The Milgram experiment was clearly deceptive, and the subjects were hardly competent to give their informed consent. Yet, the experiment was conducted. No proposal like this has ever come up before the Standing Committee. Six of the 12 committee members were asked whether Milgram could conduct his experiment today at Harvard. Of the five who felt they could answer, four indicated they would approve it, with firm qualifications about the selection of the subjects and their post-experimental handling.

Recently the jurisdiction or the committee has grown to include projects not previously considered experiments. For example, a group proposal was required for students in a psychology class who were writing biographies of people they knew, because those people were considered subjects.

These four committee members approached the issue by attempting to weigh the costs and the benefits of the experiment. Professor Regina Yando said she approved of deception only in cases where there was "serious, important information" to be obtained. Others also acknowledged the costs to the subjects, yet felt these were outweighed by the benefits in increased knowledge made possible by the experiment.

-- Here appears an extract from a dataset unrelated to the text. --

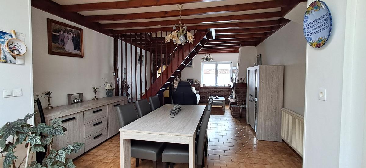TOURCOING Cette maison des années 30 de type semi flamande, d’environ 80 m² habitables comprend au rez-de-chaussée un salon/séjour, une cuisine meublée avec un espace repas, une salle de bains récemment rénovée et des toilettes. À l’étage, deux chambres, dont une de passage donnant accès à un bureau ou salle jeux aménagé sous les combles. Sa cour offre un espace extérieur qui peut être facilement agrandi en supprimant le cabanon. Un atout non négligeable. Ce bien est lumineux, très bien entretenu et bénéficie d’un environnement calme. Sa proximité avec les commodités (commerces, transports, écoles) est un vrai plus au quotidien. Elle est équipée du ccgaz, double vitrage en partie.. DPE 188 D et 41 D. Prix de vente 137 900 € dont 130 000 € net vendeur et dont 7.900 € TTC (6.08 %) d'honoraires de négociation à charge acquéreur. Les informations sur les risques auxquels ce bien est exposé sont disponibles sur le site Géorisques : www. georisques. gouv. frConsultez nos tarifs : Selon barème de l'étude chargée de la vente : < 100.000 € = 7.000 € TTC, 100.000 € et 300.000 € = 3 % TTC sur la partie du prix supérieur à 100.000 € qui se cumule avec la tranche précédente, > 300.000 € = 5 % TTC sur la partie du prix supérieur à 300 000 € qui se cumule avec les tranches précédentes, arrondis à la centaine d’euros la plus proche, minimum de perception pour les parkings 2.000 € TTC et 5.000 € TTC pour les garages.

Although no comparable proposal has ever come up, the committee's qualified acceptance of Milgram's procedure tells much about its values. Professor Sheldon White acknowledged that Harvard's committee was probably "more on the side of the researcher" than the equivalent committees at Berkeley and Stanford. One committee member who was concerned about the possible harm to Milgram's subjects felt research could be sufficiently important to outweigh this damage--she felt the world's pressing problems require knowledge, and consequently research.

The days when experimenters could do what they wanted are gone. Although the committee is quite cautious in the areas of confidentiality, privacy and legality, if a situation came up in which they felt the research was valuable enough, they would probably allow the risk of much possible harm. In the area of human experimentation, morality is becoming bureaucratized, and ethics institutionalized. Research is king. Like an over-anxious mother, Harvard's watchdog committee examines, modifies and then approves of everything that comes its way. Fortunately there are no Milgrams in the research community.